A 2003 press release from Virginia’s governor at the time, Democrat Mark Warner, says Goode was “instrumental” in setting up the project.
Campaign finance expert Larry Noble said it was not unusual for lawmakers to want to bring jobs to their districts but added: “If you received money from MZM and those contracts went to MZM, given the Duke Cunningham situation obviously questions are going to be raised and Congressman Goode has to be prepared to answer questions about MZM.”
Wade is now facing over eleven years in prison on two separate matters, the first involving Congressman Goode and the second involving Charlottesville’s National Ground Intelligence Center.
Goode is not specifically named in the charges (PDF) — he’s instead referred to as “Representative A” — but it is, of course, Goode to whom the charges pertain.
In June I demonstrated that MZM’s contributions to Goode certainly looked coerced, and this plea makes clear that’s just what happened. On March 26, 2003, and March 4, 2005, Wade handed many of his employees $2,000 and instructed them to contribute the same value to Goode. This led to a total of $39 straw contributions from 19 employees and spouses, with Goode getting a whopping $46,000 in illegal contributions from MZM employees.
Save for the fact that Wade was compensating these employees for these contributions, this isn’t news, just confirmation of what seemed likely.
What is news is the close timing of these bundled contributions to Goode and MZM’s federal funding. From the charges:
In the spring of 2005, Wade asked that Representative A and his staff request appropriations funding for an MZM facility in Representative A’s district. In June 2005, Representative A’s staff confirmed to Wade that an appropriations bill would include $9 million for the facility and a related program. Wade thanked Representative A and his staff for their assistance.

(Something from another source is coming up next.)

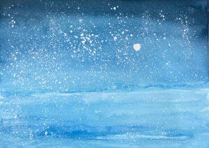透明水彩の淡さを生かして雪景色を描きます。スパッタリングで雪の表情をつけ、季節感たっぷりの作品に仕上げます。
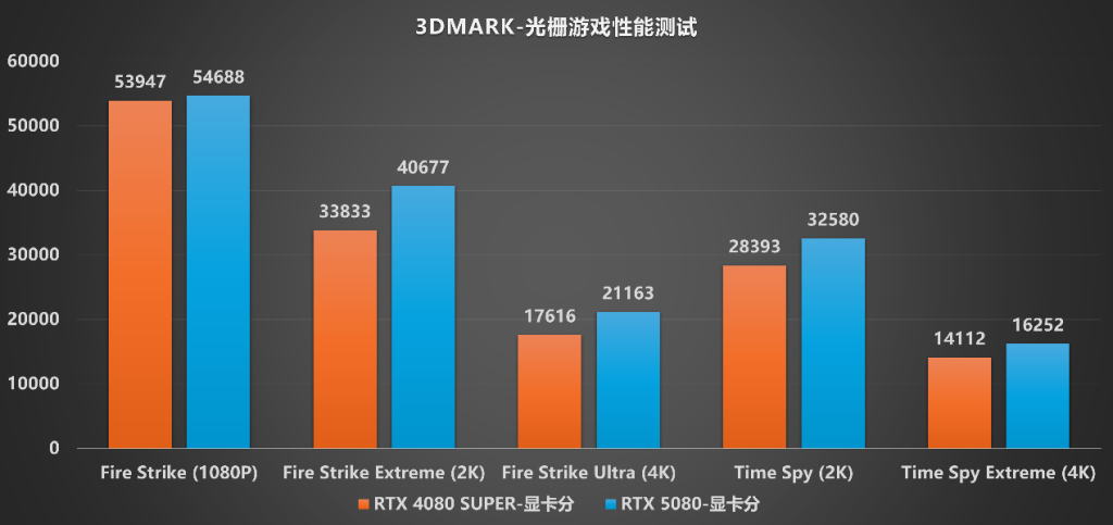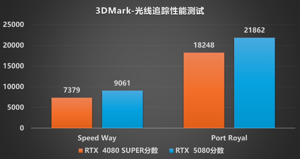 我们以3DMark作为显卡基准性能测试,测试项目包括Fire Strike、Fire Strike Extreme、Fire Strike Ultra、Time Spy、Time Spy Extreme、Port Royal以及Speed Way七个项目。分别测试RTX 5080雪鹰在2k和4k分辨率下的性能表现。从表上可以看到,由于性能完全溢出,无论是上一代的RTX 4080还是这张技嘉RTX 5080雪鹰显卡在Fire Strike下的表现可以说是不分伯仲,但是当分辨率提升到2K甚至4K,两张显卡之间的性能差距就变得十分显著。而在两项光线追踪测试中,而考虑到这两张显卡在硬件规格上差距相当轻微,技嘉RTX 5080雪鹰在这五项测试中如此可观的性能提升,RTX 50系Blackwell GPU从底层架构开始的彻底变革与GDDR7显存在性能上的大幅提升功不可没。

This timeline and interaction is remarkably similar to former representative Randy “Duke” Cunningham, who has gone down for accepting bribes from MZM. The contractor gives tens of thousands of dollars to Goode. A few weeks later, they ask Goode for $9M. A few weeks after that, Goode gives it to them. With any company other than MZM, it would be possible to excuse this as a coincidence. Given the ever-increasing evidence that MZM’s existence is premised on bribery, it is perhaps more reasonable in this case to look at this as a pretty standard case of pay-for-play.
So is Goode a subject of the investigation? The Washington Post reports that prosecutors won’t say. In my (very limited) experience, when prosecutors won’t rule somebody out as a subject of an investigation, that means that there’s a better than even chance that they are a subject.
So what does Virgil Goode have to say about this? Nobody knows — he hasn’t responded to requests for comments by any media outlet. That’s Rep. Goode — always a day late and a dollar short. Or $90,000 ahead, as they case may be.